Raw data:
* * * * *

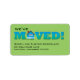 Annoncez votre récent déménagement avec cette étiquette d'adresse de retour amusante. Une illustration d'une maison représente le "O" dans "Moved" contre un arrière - plan vert agréable. Ajoutez votre nom et votre nouvelle adresse en dessous. Disponible avec des produits correspondants.
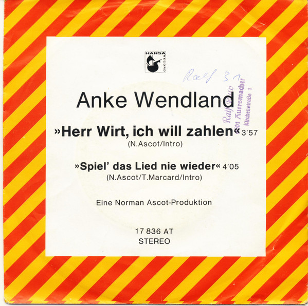 Vinyl / Anke Wendland - Herr Wirt, Ich Will Zahlen
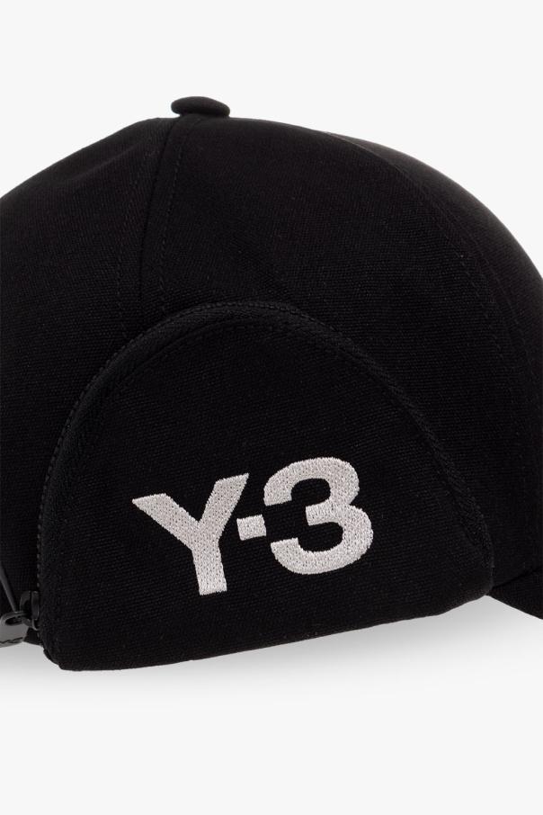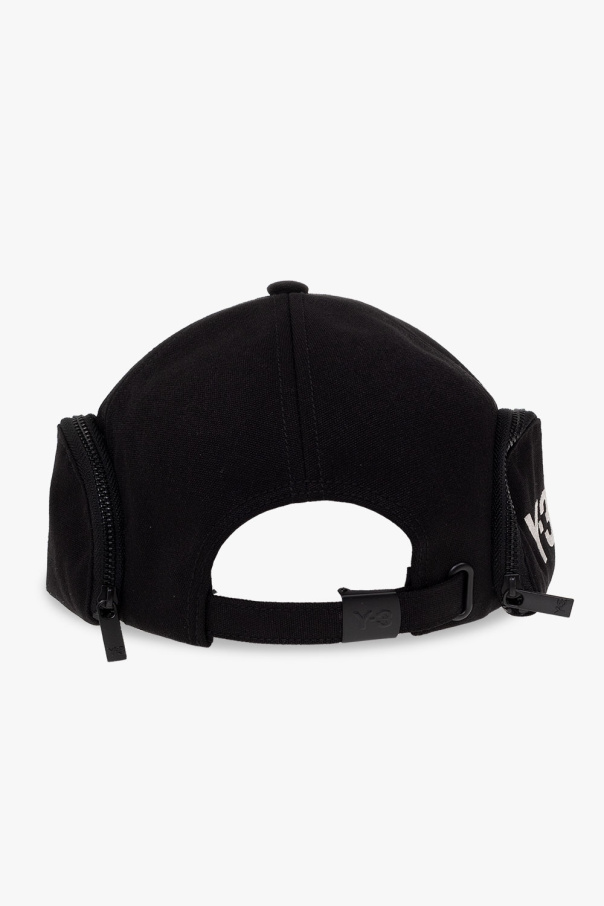 Black baseball cap from Y-3 Yohji Yamamoto. Crafted from recycled material, this item features zip pockets on the sides – one is embroidered with a white logo, and a buckle adjuster at the back.
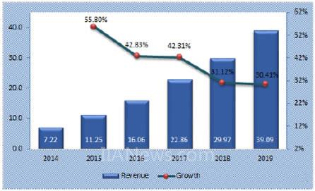 2014年全球工业互联网系统集成服务市场约72.2亿美元,预计到2019年将达390.9亿美元,增长率为40.19%。

* * * * *

Only the lines from the one containing "Vinyl / Anke" through the last line of the material should be returned, exactly and without pictures.

Task solution:
 Vinyl / Anke Wendland - Herr Wirt, Ich Will Zahlen
 Black baseball cap from Y-3 Yohji Yamamoto. Crafted from recycled material, this item features zip pockets on the sides – one is embroidered with a white logo, and a buckle adjuster at the back.
 2014年全球工业互联网系统集成服务市场约72.2亿美元,预计到2019年将达390.9亿美元,增长率为40.19%。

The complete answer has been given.